Photoresponsive strategy of cyanobacteria

Light is not only energy source but also important signal for photosynthetic organisms. Thus, photosynthetic organisms possess highly developed photoresponsive systems to acclimate to changing light environments. Cyanobacteria possess such systems and cyanobacteriochromes play central roles as a photoreceptor. In this review, we introduce cyanobacterial photoresponsive strategy regulated by the cyanobacteriochromes and our recent studies on photoresponsive systems of a unique cyanobacterium Acaryochloris marina.
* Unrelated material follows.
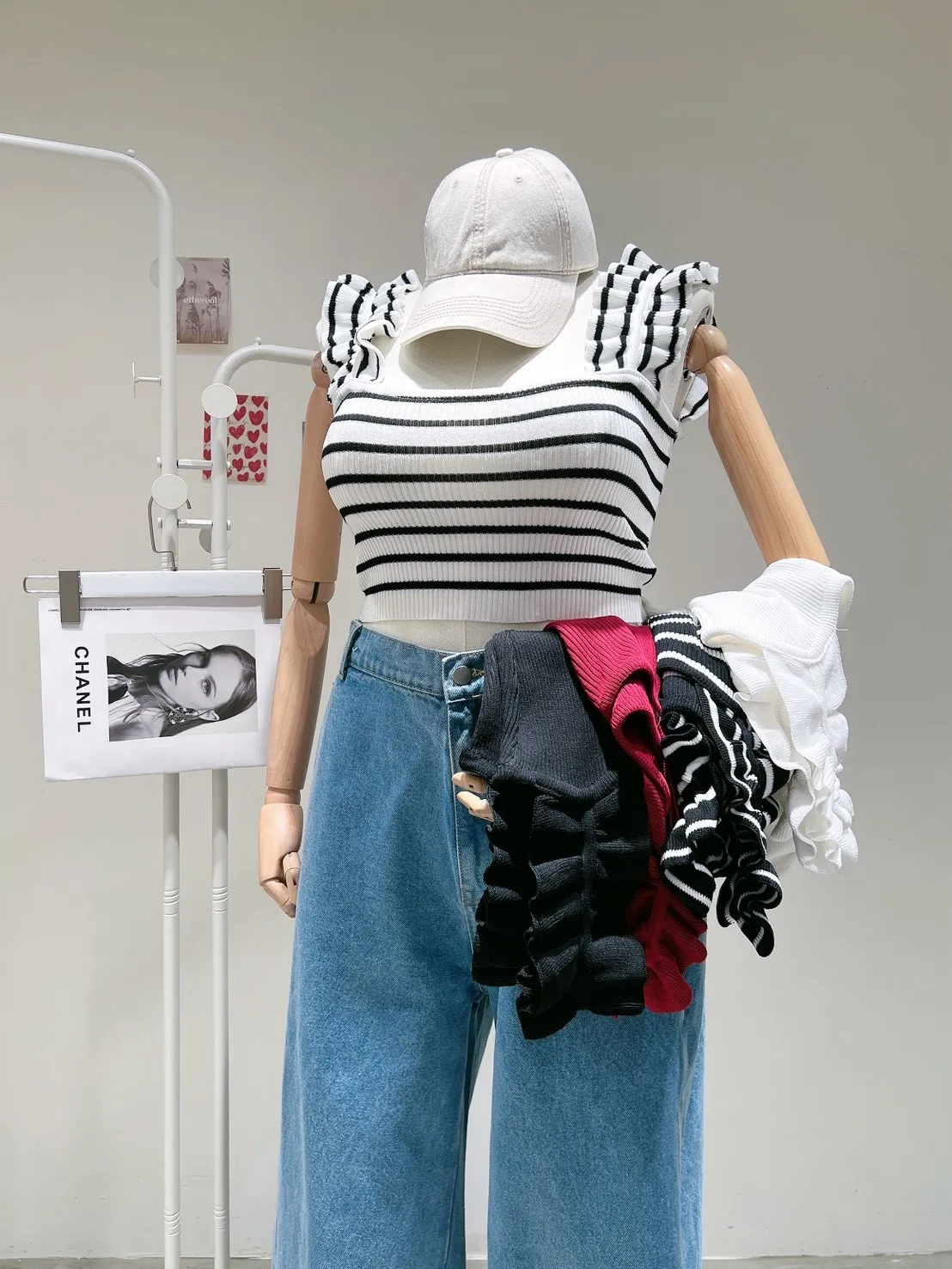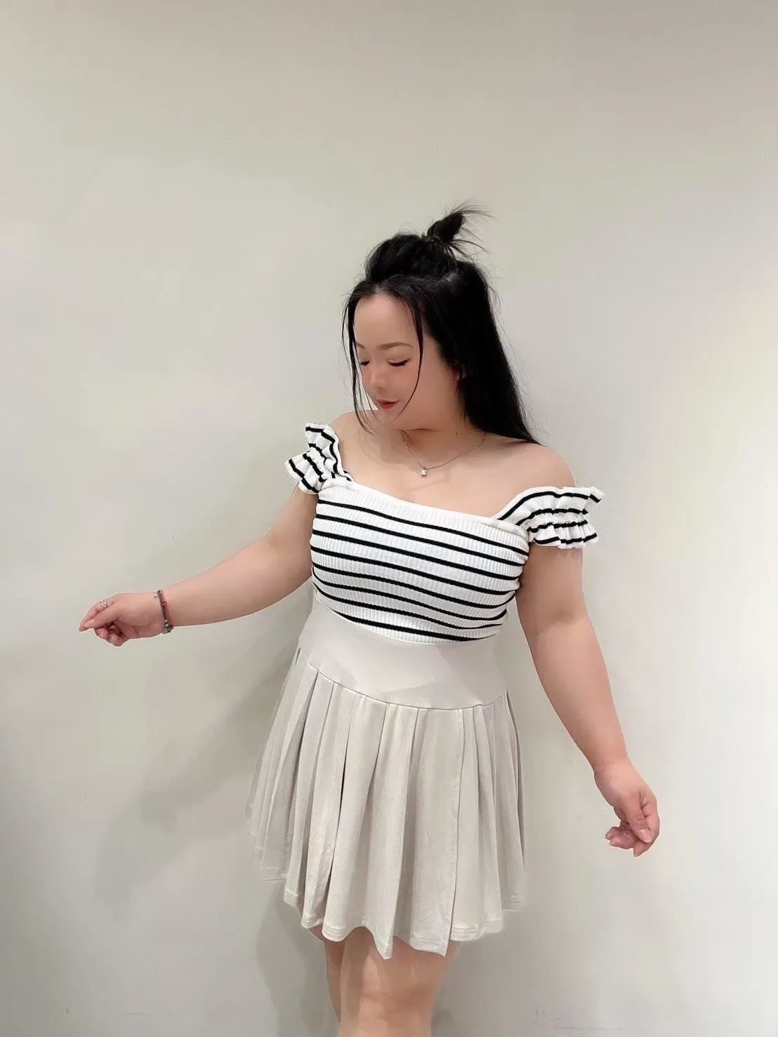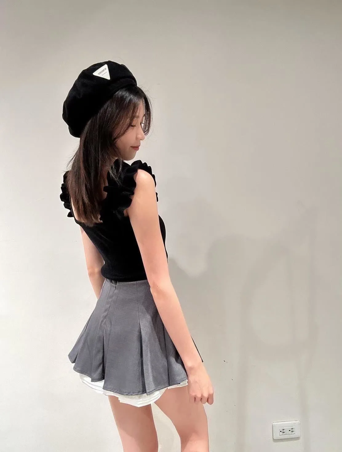 木耳邊肩帶設計,讓肩線看起來更柔和,搭配合身版型,自然勾出身形曲線但不會過度緊繃。

Structure and function of aureochrome, blue-light receptor, in photosynthetic stramenopiles

The blue-light (BL) receptor, aureochrome was found and isolated from xanthophycean macro alga Vaucheria in 2007. Aureochrome is a BL receptor only in photosynthetic stramenopiles, such as diatoms, raphidophycean and brown algae. Aureochrome is composed of a bZIP (basic leucine Zipper) transcription factor domain at the N terminus and a LOV (Light-Oxygen-Voltage) domain at the C terminus. FMN (flavin mononucleotide) binds to LOV domain of aureochrome to function as a BL receptor. After BL irradiation, bZIP binds to cis elements (specific DNA binding sequence) with conformational change of LOV domain and regulates gene expression. These results suggest that various BL responses of photosynthetic stramenopiles are induced via the aureochrome. In this review, we introduce the function of aureochrome and future perspective.

An introduction to Infrared Laser Evoked Gene Operator (IR-LEGO) technique and its applications

Microscope technology has been used for observation of morphology and phenomena in tissues and cells. Recently, the technology has also been used for manipulation of living cells using the light, such as optogenetics which utilizes photo-dependent channels called channel rhodopsin-2 (ChR2) and photo-induced pump called halo rhodopsin (HR). We originally established another light induced cell manipulation technique which enables spatiotemporal in vivo expression of a target gene in a single-cell level. This method employs heat shock response of the target organisms to induce the target gene expression, and to heat the cell, a microscope technology using infrared irradiation is used. In this report, we introduce the method and examples of application that have been obtained by collaboration researches.